Stéphanie Durr : En interne, nous agissons aux niveaux de la consommation de ressources, de la gestion des données, des dépendances, des API, du choix de nos hébergeurs… Quoi qu’il en soit, un CTO a une réflexion à mener sur le stockage. Il est important d’avoir conscience qu’à chaque fois que l’on stocke, on a un impact sur l’environnement. Il est essentiel de se demander si ses données collectées sont pertinentes. Si oui, combien de temps ai-je besoin de les conserver ? Quand les supprimer ? Nous nous sommes par exemple retrouvés avec un serveur saturé parce que nous y conservions tous les log Puma depuis toujours. Dans les faits, on n’en a pas besoin.

Nicolas Bordier : Comme ça a été dit plus haut, la phase sensibilisation, la prise de conscience est essentielle. En l’occurrence, un des premiers axes à emprunter pour un CTO est en effet d’aligner dans les projets KPI économiques et KPI environnementales, d’aligner les trois P : people, planète et profits. S’il y a les trois, ça marche.

Wojciech Wojcik : Et puis, on peut éviter la course à la dernière technologie. Elle pousse les utilisateurs à renouveler leur matériel. Un des grands débats aujourd’hui est ouvert autour de la 5G. En réalité, le sujet n’est pas tant que des antennes vont être déployées et consommer plus. La certitude, en revanche, est l’accélération du remplacement de matériel pour des raisons de compatibilité. On va planter 80% de la pollution générée par la construction ou l’acheminement du matériel que l’on possède aujourd’hui.

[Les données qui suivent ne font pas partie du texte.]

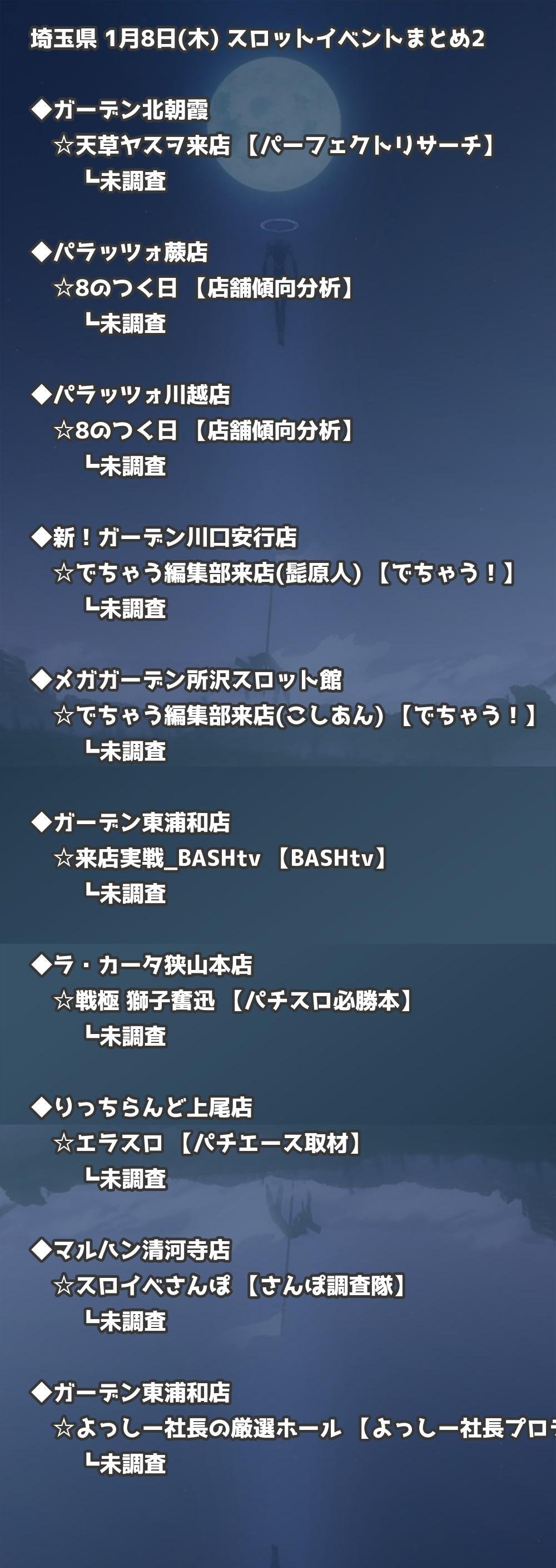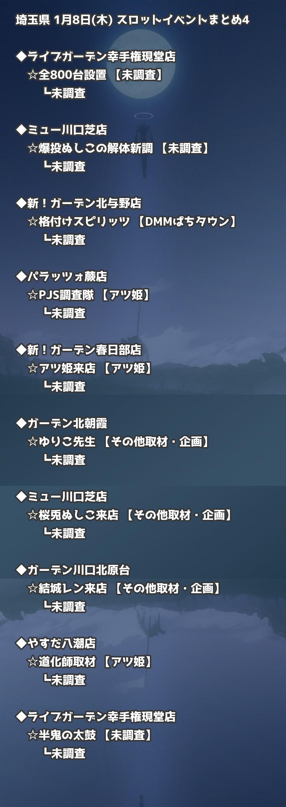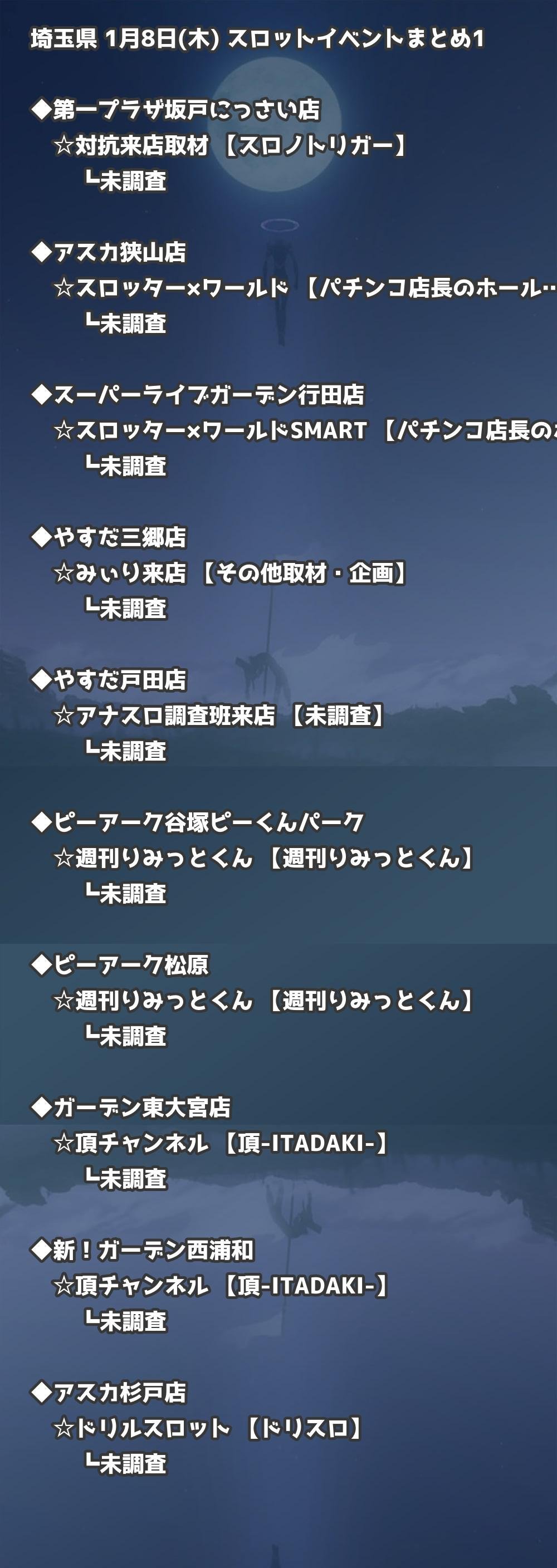 📊 埼玉県 1月8日(木) 勝てるパチンコ・スロット取材店舗一覧|おすすめ順
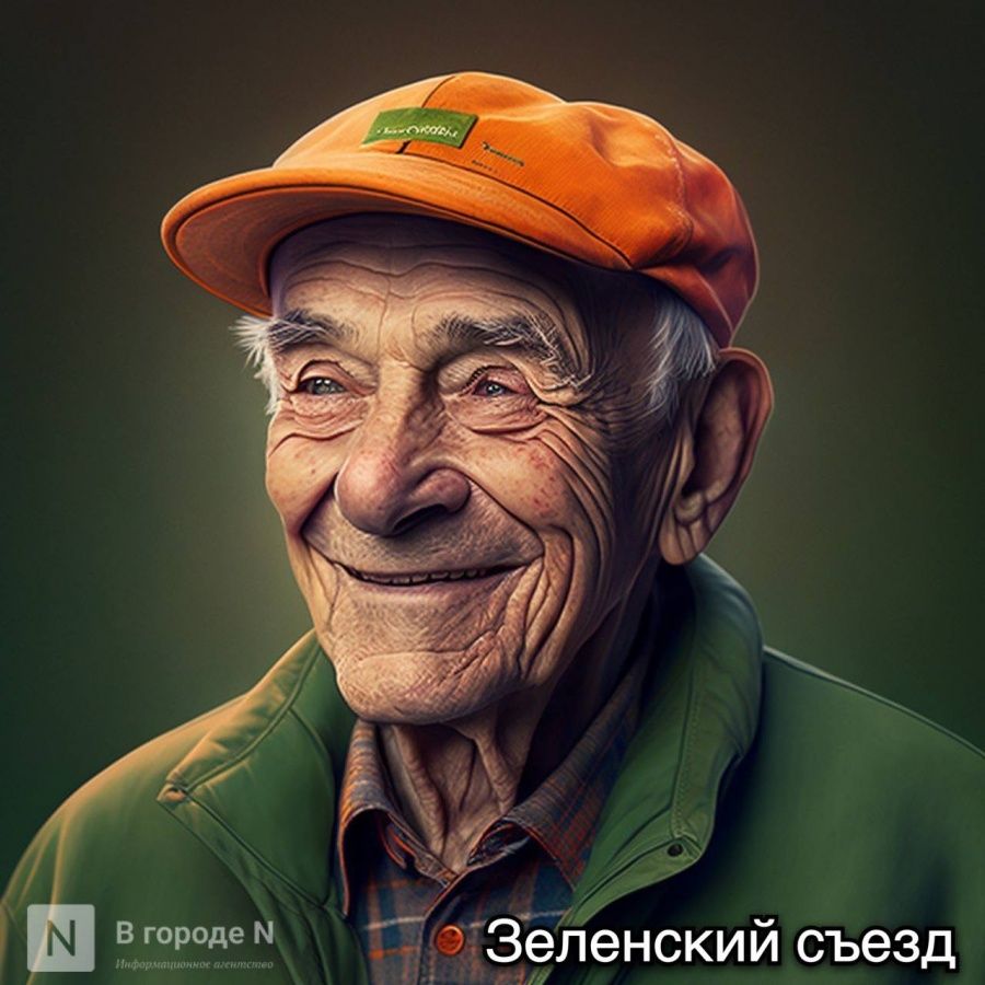 Зеленский съезд изображен в облике добродушного старика в оранжево-зеленой одежде, что напоминает о травянистых склонах и кирпичных стенах Кремля поверх них. А рыжеволосая девушка, изображающая Кремлевский бульвар, символизирует знаменитые нижегородские закаты.
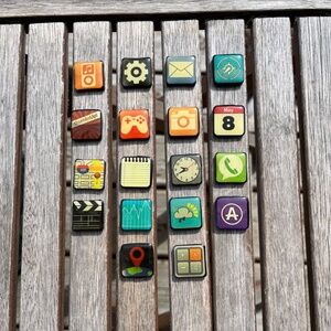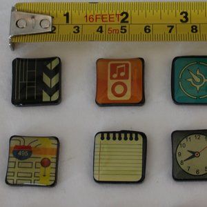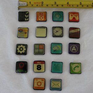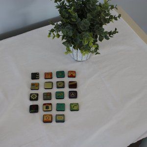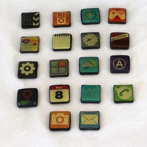 Multi-coloured, office themed, 18 little square magnets. Excellent used condition.
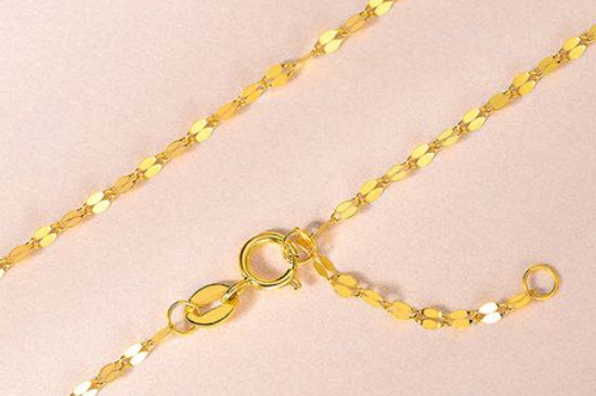 黃金扣子有s扣,s扣與m扣很像,s扣的接口一遍是焊死的一邊是活口的,具有可調節性,通過手部力量掰合開關,s扣一般多用于手鏈上,在項鏈上較為少見。s扣在佩戴的過程中要避免衣服的拉扯,以免接口被刮開使鏈條遺失。 2、M扣
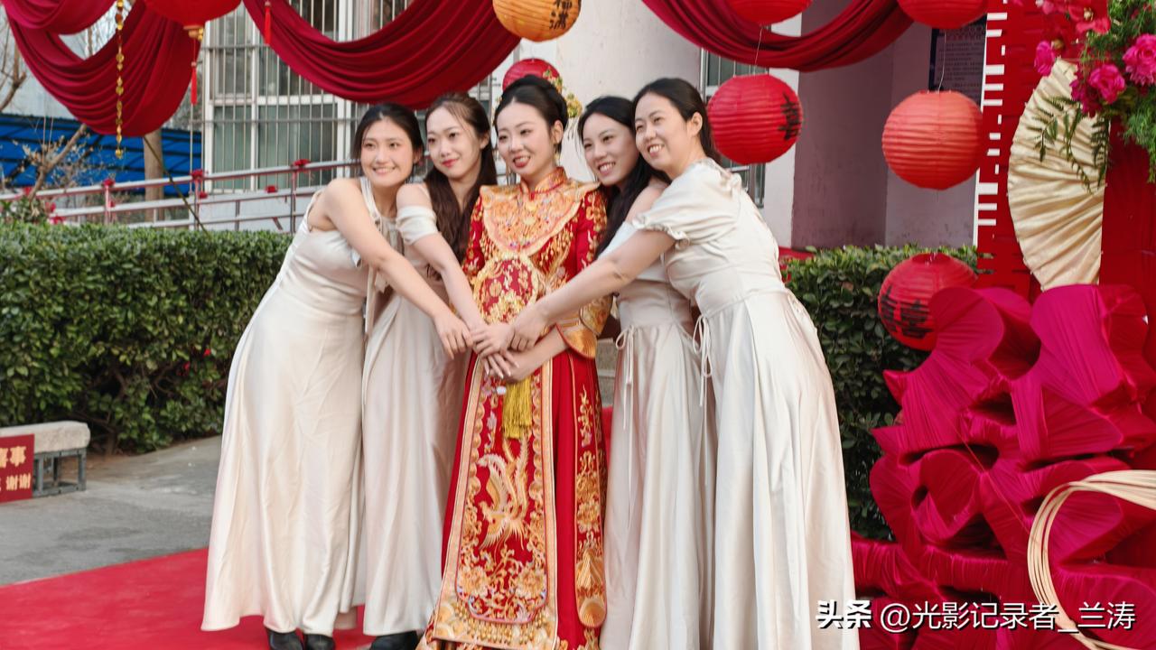 新娘身姿袅袅,一袭红色嫁衣似火般明艳,衬得她肌肤胜雪,眉眼含情,美得动人心魄。身旁的伴娘也个个花容月貌,青春靓丽。可在这喜庆的氛围里,新娘那独有的幸福光芒与绝美风姿,还是让她在众人中脱颖而出。
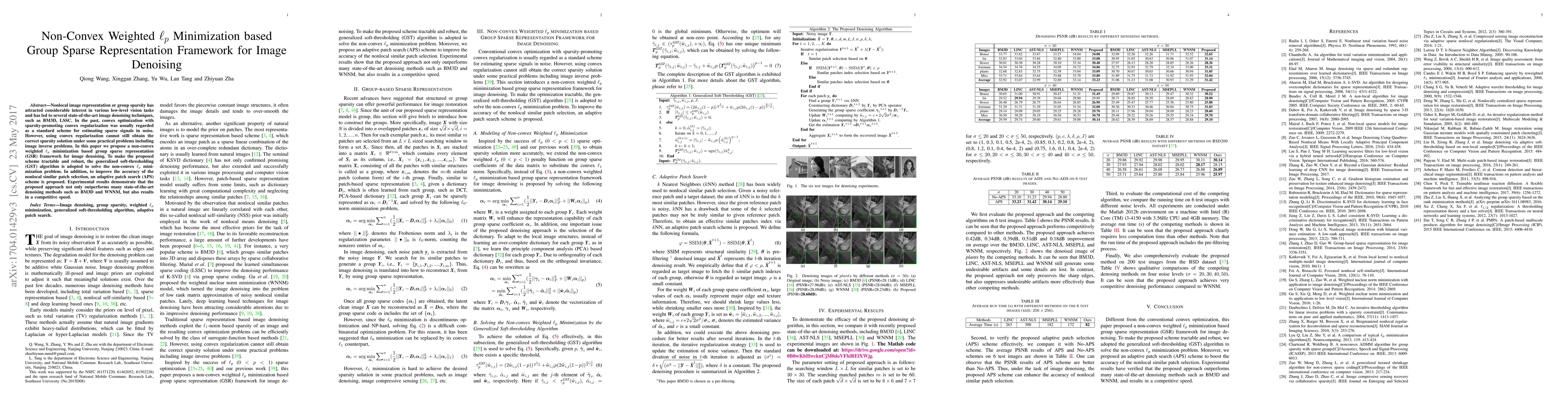 This paper proposes a non-convex weighted $\ell_p$ minimization based group sparse representation framework for image denoising, utilizing the generalized soft-thresholding algorithm and an adaptive patch search scheme for improved accuracy and efficiency, outperforming state-of-the-art methods like BM3D.

Aussi, si votre service ou votre application peut tourner sur une ancienne version d’appareils, c’est tout « bénèf ».

Il y a, par ailleurs, des choses intéressantes aussi dans le domaine de l’adaptation des services à la qualité du réseau. Il existe par exemple un client mail capable de proposer une version allégée de son service s’il détecte que le temps de chargement est long. Des bonnes pratiques, il y en a en réalité partout, du côté développement, backend, JavaScript, hosting…

Nicolas Bordier : Pour compléter, en termes d’archi, il y a des patterns à appliquer sur le cloud, sur le dev mobile.

Est-ce qu’une architecture en monolithe est plus propre qu’en micro services ?

Stéphanie Durr : Pour moi, ça dépend si on appelle tous ses services ou non. Si quand vous démarrez votre application, tous sont lancés dès le départ, vous aurez un impact plus important. En revanche, si vous appelez vos services au moment où ils sont nécessaires le monolithe à une empreinte plus importante.

Wojciech Wojcik : En matière d’architecture, un des drivers qui poussent à mettre en place des micro services est la possibilité de faire de la scabilité différenciée. Si dans un gros monolithe une partie est plus sollicitée, genre la consultation du catalogue, il y a un intérêt d’affecter un micro service de manière spécifique pour encaisser le trafic. Ça évite à chaque fois de scaler un monolithe entier distribué sur beaucoup de serveurs.

Une recommandation cloud ?

Stéphanie Durr : Beaucoup d’hébergeurs mènent des actions pour améliorer leur empreinte, des data center se créent dans des pays froids par exemple. Si nous pouvons privilégier ces hébergeurs, là, forcément nous allons leur donner plus de moyens pour continuer leurs actions. Il est possible d’en trouver sur Google en tapant “hébergeurs écologiques”.